Diana twitched awake. “Sure. Sure I do.” She went out into the hall, navigating fluently through the thick dark, and came back with a large walnut cigar box which she opened to reveal piles of snaps. “This is nice.” She handed Paddy a graduation photo of Mark, slim and smiling in the summer. It didn’t look like him and wouldn’t go with a story about a dead solicitor who was approaching middle age.

“Lovely picture,” said Paddy, laying it firmly down near Diana, letting her know that it wouldn’t do at all.

Diana took out another one. Mark looking awkward at a wedding, wearing a kilt. He was standing apart from a happy trio of friends, looking lost and left out. It would be perfect for a suicide story.

Paddy stood up, ostensibly to put the picture in her coat pocket. Diana watched her pull her coat on and then looked away into the garden.

Paddy stood next to her, hoping to be dismissed. “I’m so sorry,” she said. “I’m sorry all of this has happened to you.”

She really meant it-she was sorry for Diana-but noted uncomfortably that the sentiment sounded exactly the same as if she didn’t.

II

Kate woke up thrashing, hitting the back of her hand off the Mini’s steering wheel. Her left arm was on fire. She rubbed her shoulder, hoping it would stop, but could only reduce it to pins and needles. When she had calmed down and looked up she realized that she was parked right outside her mother and father’s house. They could have come out at any time and seen her sleeping there. She’d rather meet Lafferty and the dead man than her mother.

She started the car and drove off, slowing cautiously at the junction up ahead, letting the fat girl in the green coat pass in front of her before heading for Bernie’s garage, obeying the soft call of the comfort pillow.

NINETEEN. THE ALL PRIESTS HOLY ROADSHOW

I

It was black night outside the train window. Paddy took the same journey to work every day but found herself seeing it for the first time because Trisha was there.

As she sat across from her mum on the quiet commuter train she wondered who had answered Vhari Burnett’s phone when Mark Thillingly called her. It could have been Lafferty or the good-looking man at the door. And why had Thillingly called Vhari and felt the need to lie to Diana about it? It didn’t sound as if they were having an affair. It sounded as if Burnett and Thillingly were in a lot of trouble, as if he was phoning her to warn her, to tell her what had happened to him in the car park, to tell her to run. Wondering about the relationship between Burnett and Thillingly reminded her of her hot breath wetting Burns’s neck. She looked quickly away from her mother.

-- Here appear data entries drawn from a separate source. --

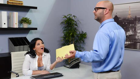 Sexy american Casey Cumz take in mouth huge rod and takes a messy cum shot in office
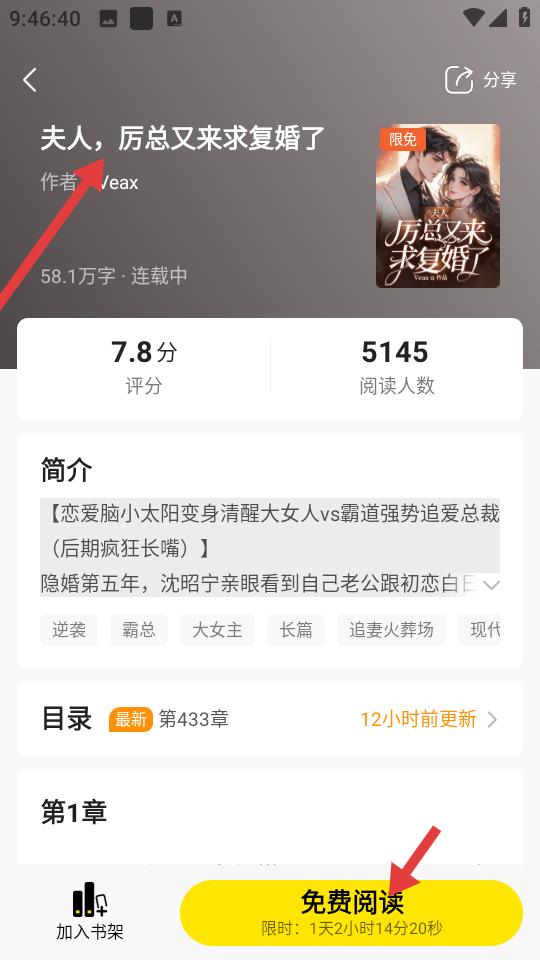 2、進入小說的詳情頁頂部展示書名與作者,標注字數和連載狀態,簡介透露戀愛腦變清醒大女主的劇情,免費閱讀按鈕限時可用點擊閱讀。
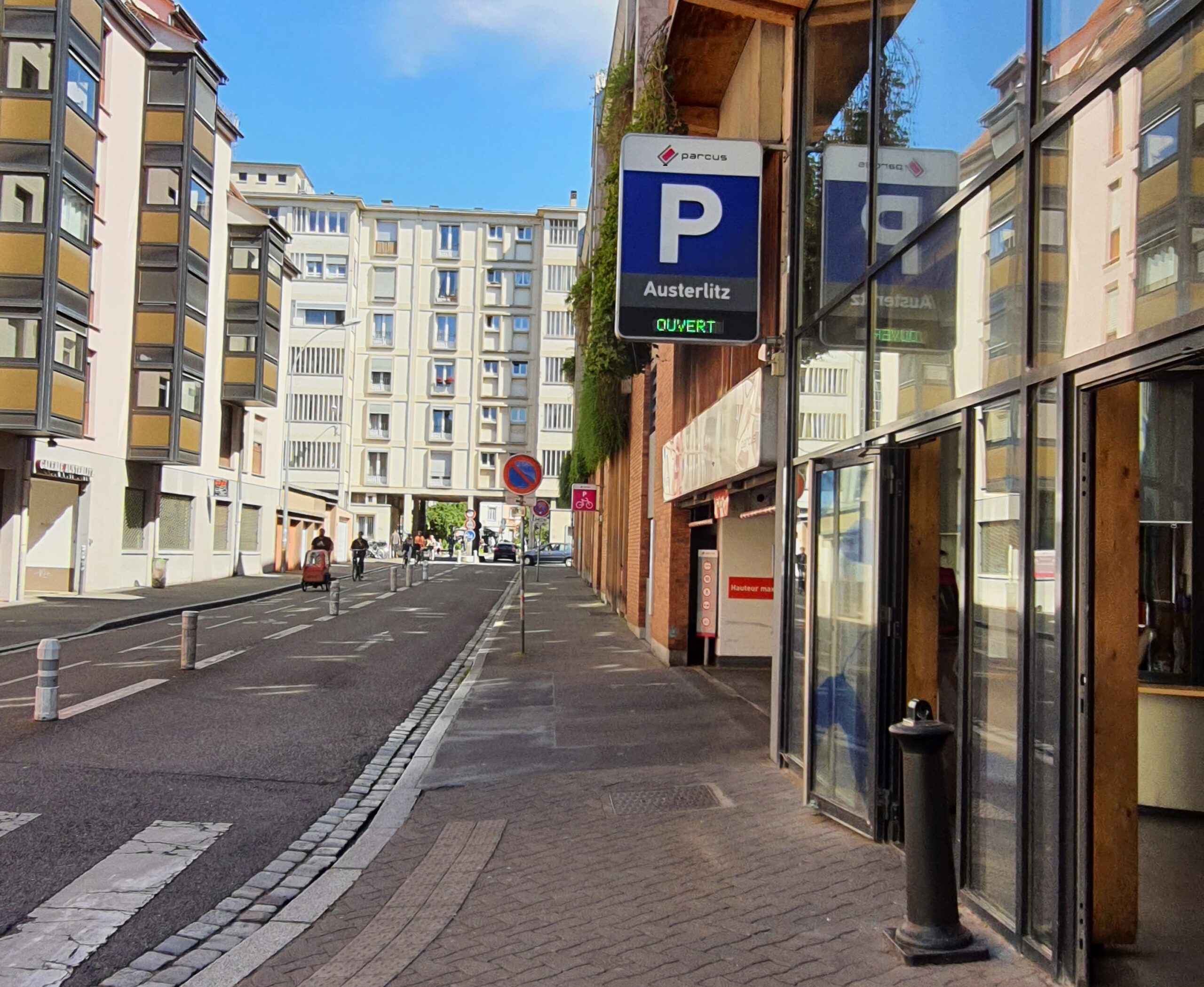 La rénovation du parking Austerlitz a été placée sous le signe du respect de l’environnement : choix des matériaux (bois, verres), façade végétalisée, luminaires à faible consommation d’énergie doublés de détecteurs de présence, création de chéneaux de sortie à l’arrière du bâtiment, mise en place de panneaux photovoltaïques sur 224 m2 de la toiture et production de miel grâce aux 5 ruches installées sur l’avant toit. La signalétique est signée du designer Ruedi Baur qui a réalisé des cyanotypes à partir des végétaux présents dans le parc pour décorer le parking. Ce parking a obtenu le Trophée des Entreprises Publiques Locales en 2010 et a remporté, en 2011, un Award décerné par l’European Parking Association.

Trisha saw Paddy frowning and squirming and smiled, leaning across the aisle to pat her knee. Paddy smiled back reflexively. Her mum looked lost outside her house or the chapel or Rutherglen Main Street, her clothes slightly threadbare. She was wearing a stiff beige raincoat and Paddy could see a cross-hatched patch on the sleeve where she had scrubbed a mark away. Below the hem she wore thick tights over swollen ankles and little black sensible walking shoes that made her look old and spent.

And Trish was well aware of being outside her usual orbit. As she watched the moonlit landscape passing the window, anxious little thoughts would flare in her eyes, suppressed immediately with a blink and a glance at her handbag. Paddy guessed what she was thinking: she had the bus fare home in her purse. Whatever happened she could still get back. Paddy had already moved further out into the world than her mother ever would.